I wonder if the set is required to be closed under the operation—it's not clear from the article. For instance, would it be right to call Z a magma under the operation of taking the average of two integers, possibly yielding a non-integer?

Also, I think the opening sentence is misleading:

... a magma is a particularly simple kind of algebraic structure.

That's probably intended to mean that being a magma imposes little structure on a set, but one could also interpret it as: "If I can just show that my set here is a magma, why, then it must have a particularly simple algebraic structure!" Since highly complicated fields exist (and fields are magmas), that conclusion would be false.
—Herbee 16:24, 2004 Feb 27 (UTC)

By a binary operation on a set M, we mean a function from M×M to M. I think this is clear from the binary operation article. So a magma is necessarily closed. I agree that "simple" may be misleading - perhaps you can think of a better wording. (A field is not a magma; it's two interrelated magmas.) --Zundark 16:37, 27 Feb 2004 (UTC)

It's clear from you, Zundark; thanks for explaining. But it's not clear from the binary operation article, which points out that the term is sometimes used for any binary function, i.e. not necessarily from S × S to S.

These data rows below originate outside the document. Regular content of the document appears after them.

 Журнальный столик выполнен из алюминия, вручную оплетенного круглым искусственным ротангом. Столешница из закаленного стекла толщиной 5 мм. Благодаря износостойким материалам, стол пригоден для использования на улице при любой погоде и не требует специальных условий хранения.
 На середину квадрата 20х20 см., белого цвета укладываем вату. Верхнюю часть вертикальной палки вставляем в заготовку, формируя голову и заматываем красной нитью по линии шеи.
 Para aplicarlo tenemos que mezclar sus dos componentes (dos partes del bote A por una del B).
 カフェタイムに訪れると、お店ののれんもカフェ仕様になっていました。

A field not a magma? A field has a binary operation, so it fulfills the definition of a magma, doesn't it? Sure, it has another operation and more stuff, but that doesn't demagmafy it. Otherwise it would sound like "a bicicle doesn't have a wheel because it has two wheels!"

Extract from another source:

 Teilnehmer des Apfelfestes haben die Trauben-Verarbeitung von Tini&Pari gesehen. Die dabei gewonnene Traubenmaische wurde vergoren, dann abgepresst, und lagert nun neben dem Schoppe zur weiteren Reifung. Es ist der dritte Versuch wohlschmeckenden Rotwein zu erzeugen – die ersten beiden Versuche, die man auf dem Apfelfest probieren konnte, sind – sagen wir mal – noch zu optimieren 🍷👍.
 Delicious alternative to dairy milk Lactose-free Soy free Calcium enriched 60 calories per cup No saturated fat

I wonder why they call it a "magma"? Next thing you know they'll rename a field to a "volcano", because of the magma in there...

—Herbee 22:11, 2004 Feb 27 (UTC)

I've actually made that basic rather than simple, which is certainly POV or worse.

Charles Matthews 16:53, 27 Feb 2004 (UTC)

[edit] Groupoid vs magma

We have this tendency to use weird terminology, and here's a good example. Groupoids are called magmas by almost nobody, basically just Bourbaki and the Magma computer algebra system. The people who actually study them call them groupoids. (The fact that every external link the page gives calls them groupoids should be a hint.) It's unfortunate that groupoid has two meanings, but it's not like we don't have plenty of tools to handle ambiguity for links. I suggest we move this to "groupoid (blah)", for suitable value for "blah".-- Walt Pohl 01:12, 16 Mar 2004 (UTC)

The title uses disambiguation anyway, so I don't see any objection to moving it. But I don't know what "blah" should be - "algebra" doesn't seem specific enough, as the other type of groupoid can also be considered as an algebraic object. --Zundark 17:22, 17 Dec 2004 (UTC)

I'd only ever heard of 'magma' - and it hadn't occurred to me that groupoid was ambiguous. Sorry, the other groupoid meaning here would be a horrid addition, except as a redirect. 'Magma' is good enough for Jean-Pierre Serre (I learned it from his lectures on Lie algebras), which makes it good enough for me.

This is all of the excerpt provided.